Tag Archives: reader-beware

Doors of Pine – Reader beware!

As most of you know I’m an avid reader of ebooks thanks to the low cost. I’m still picky though, so this post is not so much a review as a warning – ‘Doors of Pine’, by Mark Williams, is not a novel, it’s just the introduction to something that may, eventually, become a novel.

At the end of this snippet of a story, the author wrote this :


http://doorsofpinenovel.blogspot.com/ for updates.”

Excuse me?

Despite being a Kindle user for a year now, it still took me a while to realise Mark Williams must be serializing his novel. [Believe me, that was the kindest interpretation I could come up with].

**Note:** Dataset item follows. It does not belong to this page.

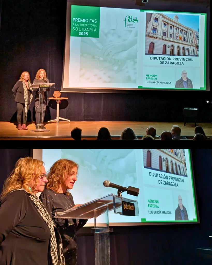 La Fundación Caja Inmaculada (CAI), entidad anfitriona y ganadora del premio en el año anterior, fue la encargada de entregar el galardón a la Diputación Provincial de Zaragoza. La ovación de la sala reflejó el reconocimiento compartido hacia su trayectoria. El presidente de la FAS, Ricardo Álvarez, hizo entrega de la mención especial para Luis García Arrazola.
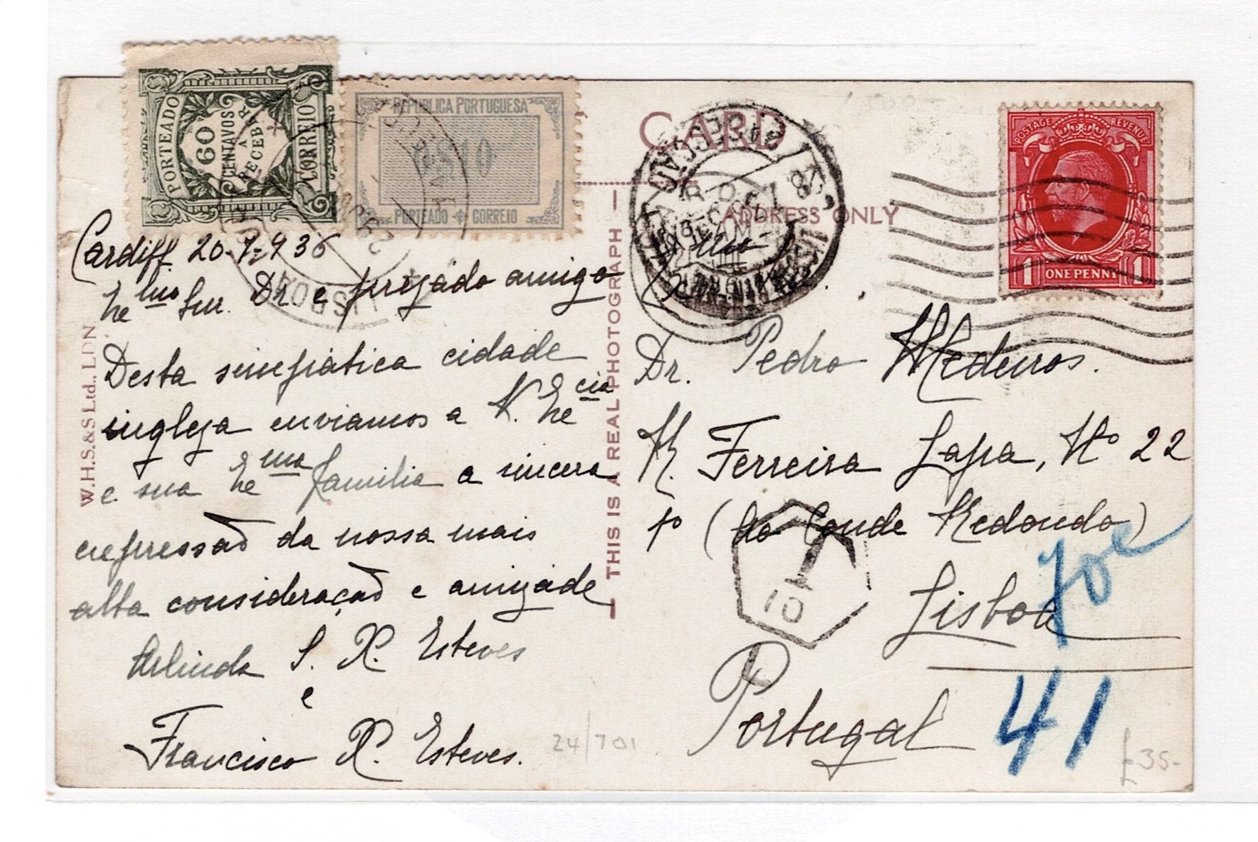 1771 imagePostage. Portugal. Illustrated postcard sent from Cardiff on 20.7.1936, insufficient postage of 1d, postage T/10, paid a fine of 70 cents, with postage stamps of 60 and 10 cents €10(Image 1)

Now I know that Dickens serialized most of his novels, so there is nothing new about the concept. John Scalzi is doing the same with one of his stories, perhaps to counterbalance the outrageous prices his publisher charges for his ebooks. So I can’t really argue about serialization being a scam. It’s not. However a serialization should be advertised as such.

I couldn’t remember seeing anything to that effect when I bought Doors of Pine [$0.99], so I went back to double check. This is what the blurb says :

“Doorways separate one space from another. Open a door and enter another dimension. We’re not alone in the Universe, just in our dimension. This is a preview to the beginning of Earth’s awakening to inter-dimensional travel.”

The bold on the word ‘preview’ is mine.

I guess I’m a bit of a purist, but to me, preview does not mean serialization. I certainly interpreted it to mean something like ‘first book of a series’ rather than ‘first chapter[s] of a book’.

With the wisdom of hindsight I’d have to concede that the author ‘sort of’ told the truth, but I’m still very annoyed. $0.99 is not much to waste on an ebook, but my time is a great deal more valuable than that, so I resent having my expectations dashed. This is not a good way to market a book, especially when the author is an unknown.

Publishing-as-you-go is also not a great way to write a book. Some of the concepts underlying Doors of Pine [what there is of it] were interesting, however the writing itself could have done with a good edit by a professional editor. But of course no indie can afford to hire an editor for one chapter at a time.

Essentially then, Mark Williams is asking readers to pay for the serialization of a first draft. It’s not illegal by any stretch of the imagination, but it left me with a sour taste in my mouth, and enough anger to write a very negative post.

Not a great way to market a book. Sorry.